Behavioural data (mean RTs) were submitted to a 2 × 3 repeated-measures anova with the factors Task (endogenous predictive, exogenous, endogenous counter-predictive) and Cue (cued, uncued). A Task × Cue interaction was followed up by separate analysis for each task. To detangle facilitation and inhibition on a behavioural level in the different tasks, the three conditions expected to be fastest were subjected to an anova with factor Cue [endogenous predictive cued (expected), exogenous uncued, endogenous counter-predictive uncued (expected); Table 1]. Similarly, the predicted three slowest conditions were subjected to a repeated-measures anova with factor Cue [endogenous predictive uncued (unexpected), exogenous cued, endogenous counter-predictive cued (unexpected)]. These predictions of fastest and slowest conditions were based upon well-established behavioural research showing facilitation for endogenously attended over unattended targets and IOR in an exogenous task (Lloyd et al., 1999). Wherever the anova assumption of sphericity was violated, Greenhouse–Geisser-adjusted probability levels were reported.

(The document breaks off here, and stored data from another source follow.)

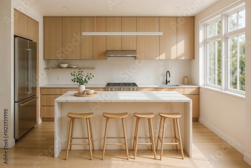 Modern Minimalist Kitchen Island with Marble Countertop and Light Wood Stools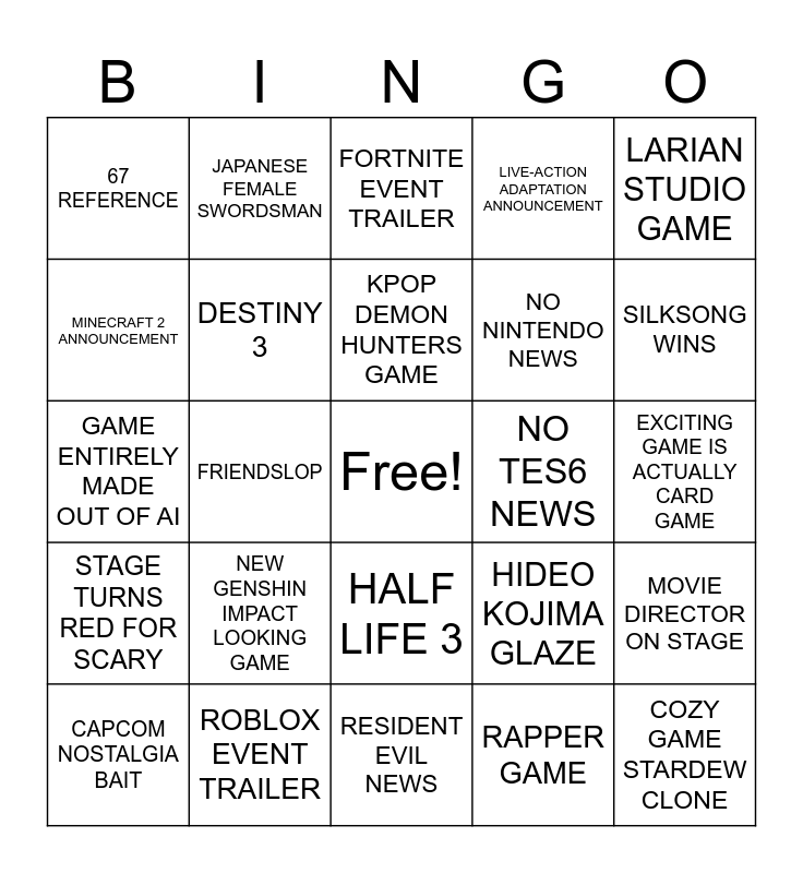 This bingo card has a free space and 24 words: NEW GENSHIN IMPACT LOOKING GAME, ROBLOX EVENT TRAILER, KPOP DEMON HUNTERS GAME, CAPCOM NOSTALGIA BAIT, LARIAN STUDIO GAME, 67 REFERENCE, MINECRAFT 2 ANNOUNCEMENT, JAPANESE FEMALE SWORDSMAN, NO TES6 NEWS, HALF LIFE 3, NO NINTENDO NEWS, GAME ENTIRELY MADE OUT OF AI, HIDEO KOJIMA GLAZE, MOVIE DIRECTOR ON STAGE, DESTINY 3, RAPPER GAME, EXCITING GAME IS ACTUALLY CARD GAME, FORTNITE EVENT TRAILER, SILKSONG WINS, FRIENDSLOP, COZY GAME STARDEW CLONE, STAGE TURNS RED FOR SCARY, LIVE-ACTION ADAPTATION ANNOUNCEMENT and RESIDENT EVIL NEWS.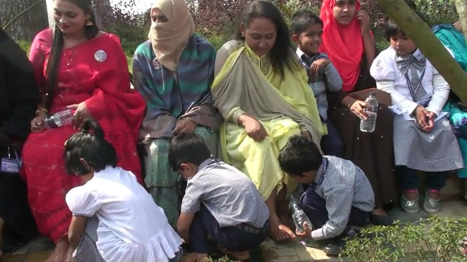 আজ সকালে স্থানীয় একটি স্কুলের উদ্যোগে এসপি পার্ককে শতাধিক মায়ের পা ধুয়ে দেন তাদের সন্তানেরা। পরে মায়ের জন্য ভালবাসা স্লোগান দিয়ে শিশুরা তাদের গলায় মেডেল পরিয়ে দেন।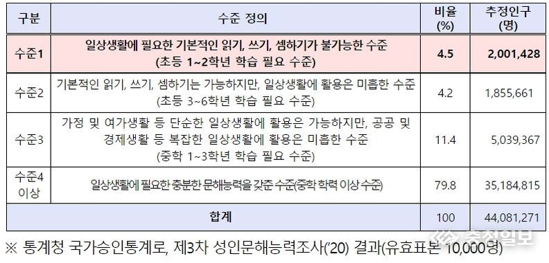 충청일보 김은경 기자 | 교육부는 교육기회를 놓친 비문해‧저학력 성인에게 문해교육의 기회를 확대하기 위한 '2024년 성인 문해교육 지원 사업 기본계획'을 발표한다.

In the context of several education seminars for travel medicine,

In the context of several education seminars for travel medicine, we asked the physicians in the audience whether they are interested in taking part in a questionnaire study about TT. These colleagues were listed and contacted within a few weeks after the particular education seminar. All participating physicians received a description of the study, three standardized questionnaires

(Q1–3), and the classification of travelers’ TR according to the Vienna consensus meeting in 2001 (Table 1).24 The three questionnaires are available from the corresponding author Lenvatinib concentration on request. Randomly incoming adult travelers seeking medical travel medicine advice prior to

a LHT were asked to participate in the study. If written informed consent was given, Q1 and Q3 were handed out to them together with an envelope for free return consignment for Q3. Q1 asked for age, gender, travel habits, and their individual assessment of the association between travel and TR. These questions had to be answered during the current consultation. Q3 focused on the actually performed TP measures during the particular prophylaxis, experienced side effects or symptoms suspicious for VTE, the means of transport used predominantly during travel, and the period of time seated during the journey. Q3 had to be answered within 4 weeks after the return from the particular journey for which the traveler sought medical advice. The consulted physician had

to answer Q2 asking for assessment of the TR of the traveler, this website the predominantly used means of transport during the planned journey, the duration of planned LHT, and the kind of recommendation given to the individual traveler for the particular journey to prevent TT. The study was approved by the Institutional Ethics Committee of the University Erlangen-Nuremberg and supported by the “runners-up award” of the International Society of Travel Medicine (5,000 USD). The participating travelers and physicians received an allowance for a completely answered questionnaire Q1 to Q3 of 5, 10, and 10 Euros, respectively. All questionnaires had to be sent to the study center at the university hospital of from Erlangen, Germany. Data were analyzed with statistical software SPSS for Windows, release 15 (SPSS Inc., Chicago, IL, USA), and the statistical software package SAS (version 9.2, SAS Institute, Cary, NC, USA). A descriptive analysis of the important variables was carried out. Associations between the demographic variables age or gender with answers given by the travelers in Q1 were shown in contingency tables and analyzed for significant differences by using the χ2-test or Fisher’s exact test, depending on the cell frequencies.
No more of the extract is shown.